Le "Brexit", atout ou handicap pour Marine Le Pen et Jean-Luc Mélenchon

Le bonheur absolu ! Depuis la publication des résultats du référendum organisé au Royaume-Uni par David Cameron, le premier ministre britannique, sur le maintien ou non du pays dans l'Union européenne, Marine Le Pen et Jean-Luc Mélenchon ne cachent pas leur joie. La chef de file de l'extrême droite et le patron de la gauche radicale ont même tendance à l'extérioriser.

Il est vrai que la volonté exprimée de l'autre côté de La Manche - 51,9% pour le #Leave du Royaume-Uni de l'Europe politique - ne peut que tinter agréablement aux oreilles de ces deux dirigeants. La présidente du Front national le dit ici et l'ancien coprésident du Parti de gauche l'affirme . Tous deux - députés européens ayant échoué à se faire élire député en France - prônent, de longue date, une rupture avec Bruxelles.

En première intention, comme disent les commentateurs de football, on peut donc penser que ce vote apporte de l'eau à leur moulin. Il montre qu'un peuple d'électeurs peut franchir le Rubicon qu'aucun autre n'a enjambé avant lui depuis la création de la CEE des "Six" (Allemagne, Belgique, France, Italie, Luxembourg et Pays-Bas) en 1957. En presque 60 ans, la "Communauté" n'a fait que s'agrandir jusqu'à arriver à 28 membres.

Aujourd'hui, les Français disent "non" au "Frexit"

Un tel résultat est de nature à ancrer plus solidement encore les convaincus dans leur position europhobe et à faire vaciller un peu plus les indécis, entrainés dans le tourbillon d'ivresse des vainqueurs. A cette aune, il est très probable que la fille du cofondateur du FN soit la principale bénéficiaire du mouvement de balancier et que Mélenchon n'en soit qu'un héritier secondaire. Comme c'est le cas depuis plusieurs années.

En tout cas, les deux futurs candidats à la présidentielle de 2017 peuvent persuader leurs troupes qu'un "Frexit" - vote des électeurs français en faveur d'une rupture avec l'Union européenne lors d'un référendum - aurait pour conséquence de faire exploser les partis de gouvernement. Autant à droite qu'à gauche. Il suffit d'observer la crise larvée qui mine les conservateurs et les travaillistes à Londres pour imaginer ce que la transposition donnerait chez "Les Républicains" et au PS, à Paris.

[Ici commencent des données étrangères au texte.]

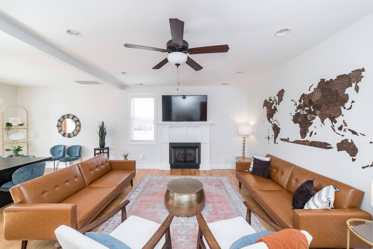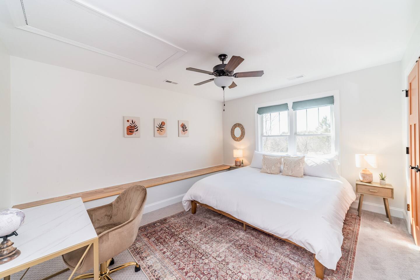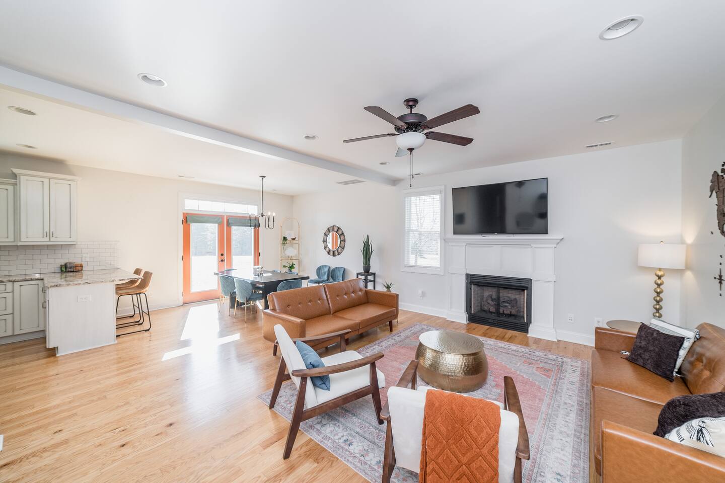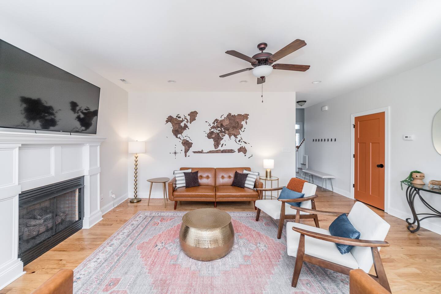 Sometimes it's hard to scroll through hundreds of listings and know which one will give you a clean and welcoming place with everything you need. Let's give you a rundown of what you can expect at the Traveler. (Fun fact: each bedroom is named after a country where the owner of the home has traveled!) **DOWNSTAIRS** KITCHEN -fridge, oven/range, microwave, dishwasher -Keurig + regular coffee pot & tea kettle -pots/pans, dishware, glasses, & everything you need to make meals! DINING ROOM -table for 8 -2 barstools LIVING ROOM -2 couches -2 accent chairs -Smart TV w/ Netflix and other streaming apps (sorry, no use of fireplace) FULL BATH -toilet -shower/tub combo -sink w/ large vanity & storage closet -towels & washcloths -shampoo, conditioner, body wash LAUNDRY ROOM -washer/dryer -iron + ironing board PRIMARY BEDROOM (Rwanda) -king bed -dresser -walk-in closet -oversized chair -large primary bathroom -access to back deck PRIMARY BATHROOM -sink & large vanity -linen closet -separate room for toilet & shower -towels & washcloths -shampoo, conditioner, body wash HONDURAS BEDROOM -trundle bed (full + twin) -hanging storage in closet & hangers **UPSTAIRS** SUDAN BEDROOM -king bed -closet & long ledge -desk & chair KENYA BEDROOM -queen bed -dresser & closet OPEN LANDING: -2 yoga mats -2 yoga blocks -window with mountain views MOVIE ROOM: -large sofa w/ recliner chairs -chalkboard wall -ps3 gaming console+ board games -trundle bed (twin + twin) -desk & chair HALLWAY FULL BATHROOM -shower/tub combo -sink, toilet, storage closet -towels & washcloths -shampoo, conditioner, body wash CLIMATE CONTROL: The house is heated and cooled by central heat and air. PARKING: There is off-street parking in the driveway for a maximum of 4-5 cars. (no street parking) OUTSIDE Back Deck: outdoor table and chairs for 8, large level yard, gas grill, fire pit + Adirondack chairs (we'll provide the pit and you bring the rest!) CHECK IN: Guests check in at their own convenience between 4pm - 10pm with a personalized code. WHAT'S NEARBY: Groceries: 7 min (Kroger) Restaurants: 7 min (steakhouse, fast food, mexican food, pizza, and more!) Liberty University: 13 min University of Lynchburg: 19 min Thomas Jefferson's Poplar Forest: 8 min Historic Downtown LYH: 21 min Shopping (Target, mall, etc.): 13 min Seaquest: 14 min Snowflex (year-round skiing and tubing): 11 min Appomattox Courthouse: 35 min Hiking at Sharp Top Mountain: 40 min Popular day trips include: hiking in the Blue Ridge Mountains, driving the scenic Blue Ridge Parkway, Natural Bridge, Virginia Safari Park, D-Day Memorial and Smith Mountain Lake. HOSTED BY: The Traveler is hosted by All Belong Co, a boutique hospitality team dedicated to providing 5 star stays. You'll be in the hands of Superhosts.
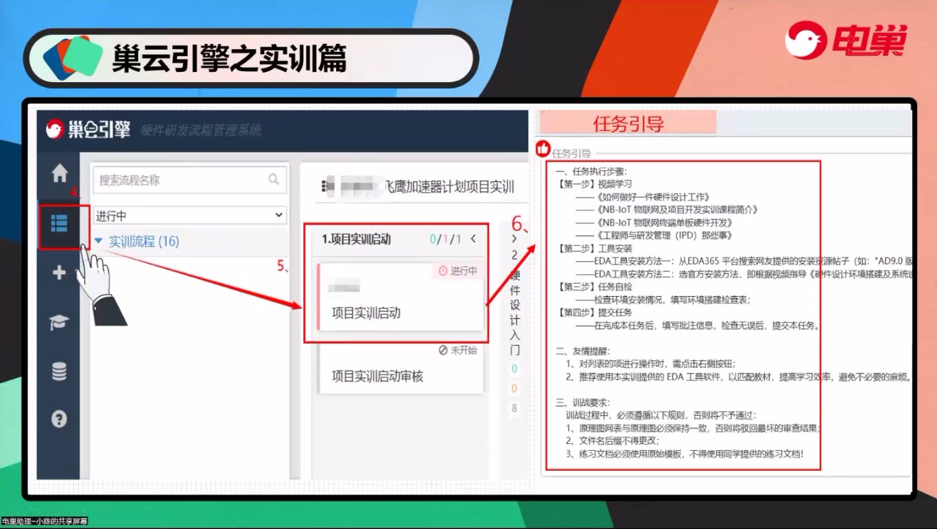 最后电巢科技教务陈志微为同学们介绍了电巢学堂学习指南、巢云引擎实训指南以及答疑板块,让同学们对此次飞鹰实训的学习路径清晰明了。
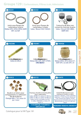 Groupe 129 : Carburateurs, Filtres à air, Admission
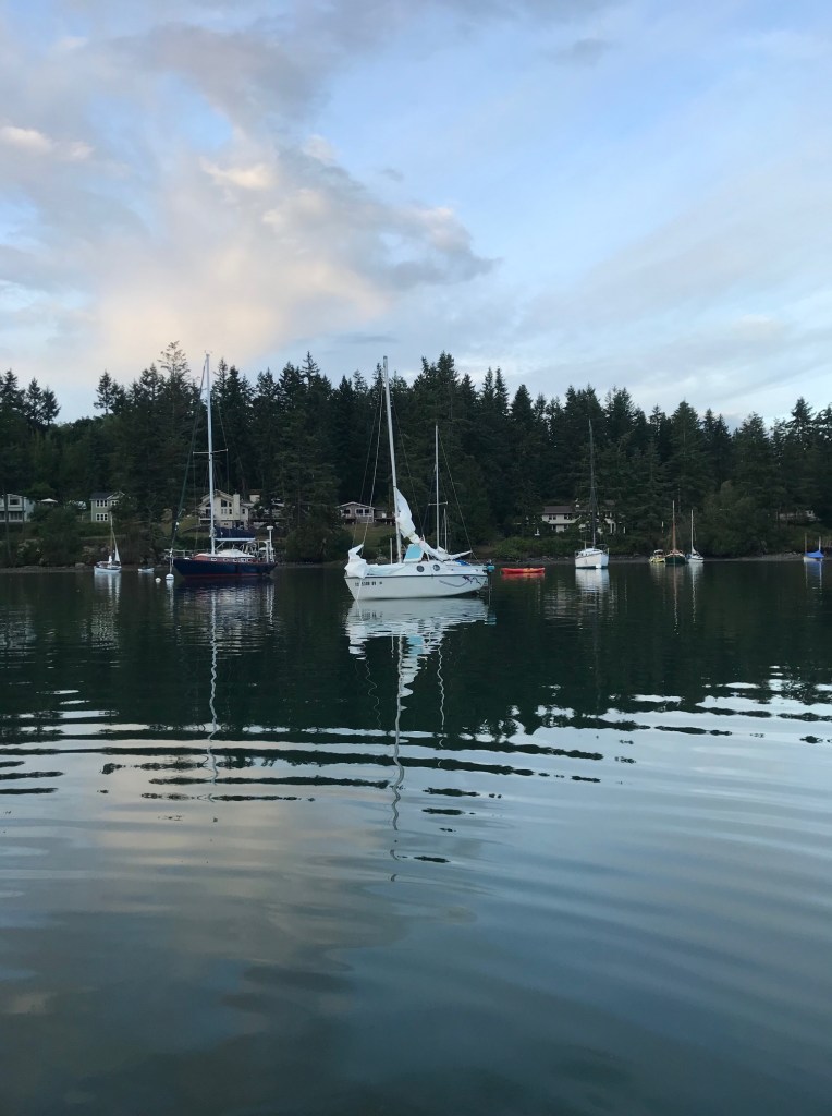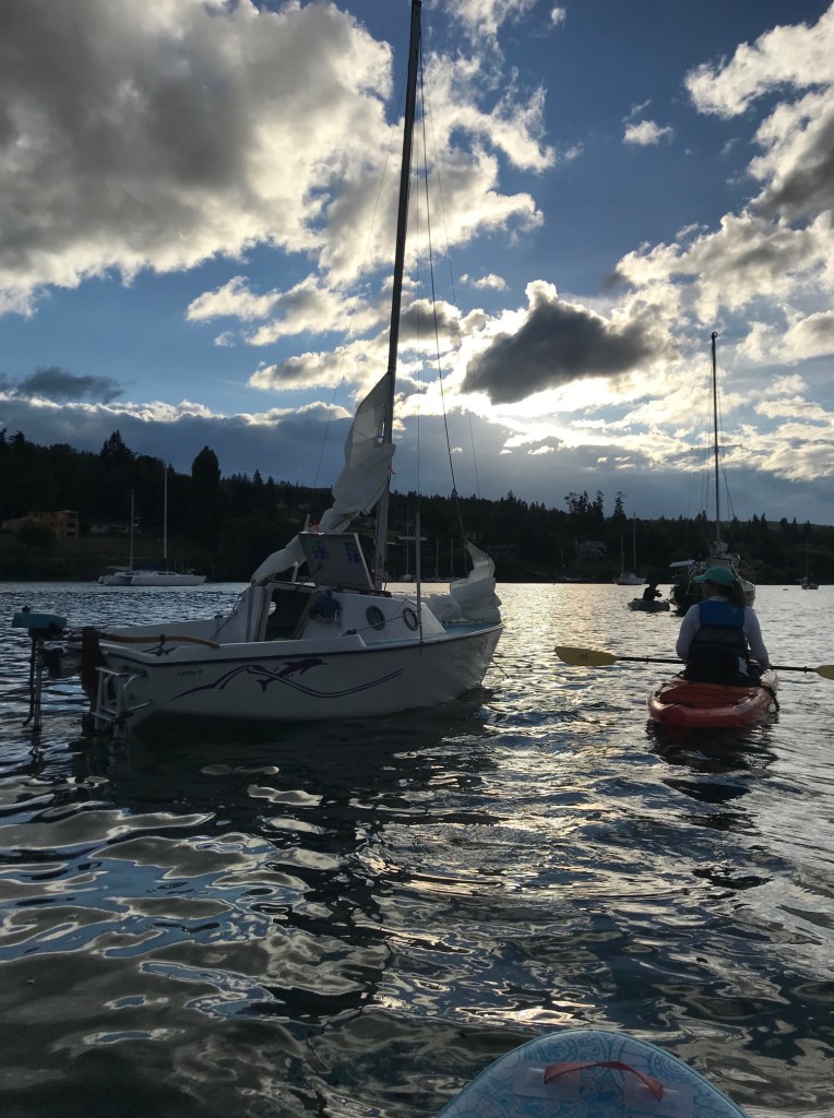 As I passed the point and turned starboard into Henderson Inlet, the winds started picking up. I gained speed and had to tack up the inlet to the designated anchorage. It was a blast. I had little races with nearby boats and even beat a Montgomery 15. Then a Catamaran came zipping by playfully, super speedy passing us easily, splashing and having fun. I approached our anchorage and searched for Christine and her group. The Lewis-Clark Sailing Association from Idaho were a jolly and welcoming group of sailors. They greeted me with Gin and snacks, as I rafted along side Christine. Once safely rafted, Christine climbed aboard Guppy and created the jib downhaul by attaching a block to the tack of the jib sail and ran a line from the head of the sail through the block and back to my cockpit. This would allow me to lower my jib sail safely from the cockpit and not require me to physically get on the bow. I appreciated her help and it came in extremely useful the following day. I decided to set up my cockpit tent as well as inflate my tender, the inflatable paddle board that would aid me in getting to and from shore and around anchorages. It was a beautiful sunset with a great group of people. We drank, ate and shared stories. It was a fine first evening followed by a very restful sleep in Guppy.

Pour autant, les enquêtes d'opinion actuelles révèlent un jugement très mitigé des Français sur le "Brexit" et une appétence assez modérée pour un "Frexit". Ainsi, un sondage TNS Sofres pour Le Figaro, RTL et LCI montre que si 44% des personnes interrogées se disent défavorables à un tel référendum dans notre pays, 45% y seraient favorables. Mais au pied du mur, 45% des Français voteraient pour le maintien dans l'UE alors que 33% opteraient pour la sortie. La part des indécis (22%) est très importante...

L'incertitude économique et financière au bout du bout

On retrouve les mêmes tendances en ce qui concerne l'appréciation des Français sur le "Brexit". Toujours selon TNS Sofres, 48% d'entre eux estiment que le choix britannique est une "mauvaise chose" pour l'Europe alors que 24% pensent le contraire et 16%, ni l'un ni l'autre. En clair, notre opinion publique, car c'est dans l'air du temps, aimerait se faire peur à travers un référendum, tout en voulant faire croire qu'elle ne s'en laisserait pas compter. Les petits calculs de politique intérieure de Cameron ont donné le résultat que l'on sait !

Pour un autre institut - Elabe pour BFM TV -, 45% des Français seraient favorables à un tel référendum en France mais 55% y seraient opposés. Et si 52% des sondés pensent que le "Brexit" est une "mauvaise chose" pour l'Union européenne, ils sont 48% à estimer que c'est une "bonne chose". L'enquête montre que la ligne de partage met en opposition les partis dits de gouvernement avec les partis contestataires, c'est-à-dire principalement le Front national et le Front de gauche... ou ce qu'il en reste.

Reste que le "Brexit" crée une situation d'incertitude - les Britanniques ne semblent pas pressés de mettre en route la rupture - que n'apprécient pas trop les milieux économiques et financiers. On peut certes répéter à l'envi que "la politique ne se fait pas à la City", il n'en demeure pas moins que la livre sterling est aujourd'hui à son plus bas niveau depuis 30 ans face au dollar. Et ces conséquences là, ni Marine Le Pen ni Jean-Luc Mélenchon ne peuvent les ignorer.